THE Government is under mounting pressure from MPs to tackle high petrol and diesel prices amid claims every person is paying nearly £300 a year in “excess” green taxes.
More than 100 MPs have now signed a Commons motion to be debated next week which warns high fuel prices are causing “immense difficulties” for small firms which crucial to the recovery.
Keighley’s Tory MP Kris Hopkins has told the Government that “more needs to be done” to help families and businesses.
Demands for action will be intensified by a report from the TaxPayers’ Alliance campaign today which claims that motorists are paying £18bn a year in “excess” green taxes. The “excess” is calculated as the amount raised in fuel duty and vehicle excise duty, minus road spending and the “social cost” of transport emissions.
Matthew Sinclair, director of the TaxPayers’ Alliance, said: “British motorists are hit unfairly hard by motoring taxes that are far too high. Families in the suburbs and rural areas suffer the most as driving is so often essential outside city centres.
“Politicians should stop ripping-off British motorists with the highest taxes on petrol in the EU.” Rural areas are hardest hit – with the average motorist in Hull paying an excess of £175 while those in Selby face a £449 excess.
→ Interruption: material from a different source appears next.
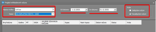 Otvara nam se prozor sa pregledom nefiskaliziranih računa unutar kojeg je također potrebno odrediti parametre poput: mjesta troška, kasa, datum (od/do), vrsta računa:

More than 110,000 people have signed an e-petition calling for planned 4p fuel duty increases in January and August to be scrapped, which has sparked Tuesday’s Commons debate. But the motion to be debated by MPs is more general – urging the Government to press for falls in oil prices to be passed on to consumers and for Ministers to consider introducing a price stabilisation mechanism to limit the impact of fluctuations in pump prices.
Mr Hopkins called for “imaginative ways” to be found to lessen the burden caused by rising fuel prices on families and businesses.
“More still needs to be done to help families and businesses to stay on the road during what will remain a difficult economic climate for some time to come,” he said.